Categories : Cash is trust
August 8, 2017
Tags : Cash, Europe, Public good, Regulation
Various associations stepped up to defend cash following a public consultation on possible cash restrictions in the EU.
Communication Team / Equipo de Comunicación

In January 2017, the European Commission released an Inception Impact Assessment followed by a public consultation designed to explore several options to limit cash transactions, identified as a “major way” to finance terrorist activities. In response, various organizations and individuals have stepped up to the plate to defend cash payments, including EURICPA – the European cash protection association. 

EURICPA was created in 2005 in Brussels and represents the European manufacturers of intelligent solutions for cash transportation and storage, based on a system of banknote neutralisation by staining inks. The association answered to the public consultation by publishing a position paper demonstrating that cash and terrorism cannot be linked together. In addition, EURICPA firmly affirmed that cash payment restrictions would have a negative impact on the EU economy and affect European citizens’ freedom of choice. The results of the public survey led to similar conclusions. In fact, 86% believe cash restrictions will not help combat the financing of terrorism and 87% believe that such restrictions will negatively affect the economy.

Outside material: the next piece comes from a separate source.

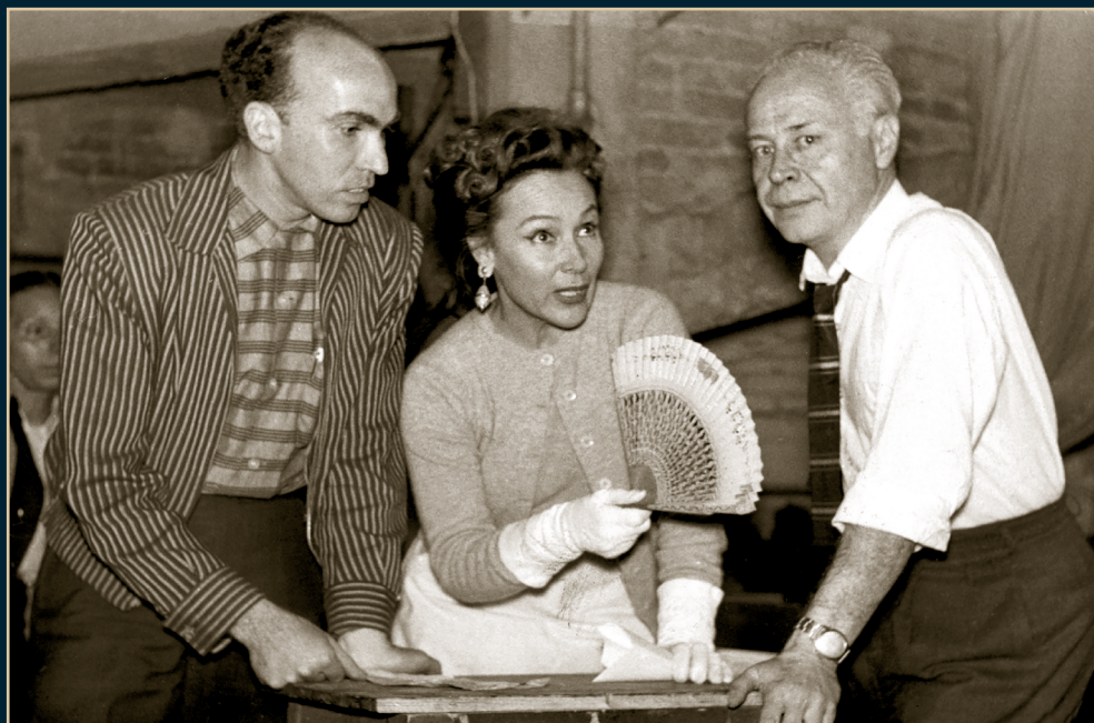
El abanico de Lady Windermere. 19 de junio de 1958.

In its paper, EURICPA explained that the relation between cash and terrorist activities is an old fashioned belief that pictures criminals carrying huge amount of cash in a suitcase. In reality, criminals are increasingly digitalized and take advantage of cryptographic communications and virtual currencies, which are almost impossible to track. Furthermore, the association reminded the numerous benefits of cash over card payments. Indeed, cash is available to anybody and anywhere, whereas cards induce fees and can lead to social exclusion.

Moreover, EURICPA stated that the volume of euro notes in circulation has grown steadily since its introduction in 2002, demonstrating that banknotes remain a key payment instrument, especially for P2P transactions. Cash restrictions would limit consumers’ freedom of choice and force them to use other payment methods controlled by commercial institutions. In addition, alternative solutions such as mobile banking do not ensure consumers’ fundamental right to privacy.

Earlier this year, ESTA – the Association of Cash Management Companies – also spoke out against the EU measures and demonstrated in a report that cash payment limitations would have a very little impact on terrorist activities as cash is mostly obtained from legal sources, making suspicious transactions extremely difficult to detect.